To say "WrapperType[SpecificWrappedType] is a WrapperType[GenericWrappedType]" requires the generic type parameter of WrapperType to be covariant in the class definition of WrapperType. If WrapperType has any mutability in it, the compiler will prevent you from declaring the generic wrapped type as covariant.
It's not always desirable to make everything immutable, unless you're a diehard Haskell geek. Sometimes in production environments, we have deeply nested data structures for which creating a new copy every time we need to do something would be an unacceptable performance hit. That is the case with my Graph[Node[NodeData]]] -- I really just need it to be mutable.
One possibility is to define a secondary type as a subtype of the original generic type, and make that type covariant, and use it in your class, but it's not very clean and makes for strange code (and I couldn't get this solution to even compile in every single situation).

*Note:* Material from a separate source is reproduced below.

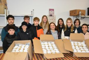 Die Schüler und Schülerinnen der Französisch Gruppe der Klasse 7 c brachten die frischen Faschingskrapfen in die Räume der Tafel
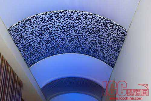 Barrisol Creadesign软膜天花产品通过植绒处理,将部分磨砂麂皮材料施加在半透明Barrisol底板上。处理结果是独一无二,加工工艺完成后,产品呈现出柔软、毛茸茸的3D效果。 产品具有新型的视觉和触摸模式,创新技术将新理念融入设计中。

The easiest thing to do is to use an annotation that will tell the Scala compiler to ignore the error due to a generic type being used in the wrong context (e.g., a covariant type used in a mutable setting).
To define a generic type as mutable, use the plus sign prefix -- e.g., "class Blah[+T <: SomeAbstraction]" defines Blah wrapped over generic type T, which is covariant and implements another type called SomeAbstraction.
Try and use it, and if you get a compiler warning related to using a covariant type in an invariant or contravariant position, just add this import:
import scala.annotation.unchecked.{uncheckedVariance => uV}
And then just put @uV after any reference to the type (except for the definition).
E.g., a method definition might pass in parameters using this type:
def someMethod(myParam1: Seq[T @uV], myParam2: (T @uV))
(If the type is by itself, wrap parentheses around it and the annotation.
And that's how you can fool the Scala compiler into allowing you to write covariant, mutable code.
The type system is there for a reason, and strong typing can be a wonderful thing. In this case, there's simply no way to prove that our code is safe at compile-time and we have to relax the compiler's default restrictions. It would be easier if there were a compiler flag or a "begin/end" kind of annotation instead of annotating every offending usage, but at least there's a way around it.
Just be smart and don't write code that isn't typesafe. Just don't try to stuff a String into an Array<Int> and you should be fine. And test your code so that that ClassCastException will occur if you happen to write bad code.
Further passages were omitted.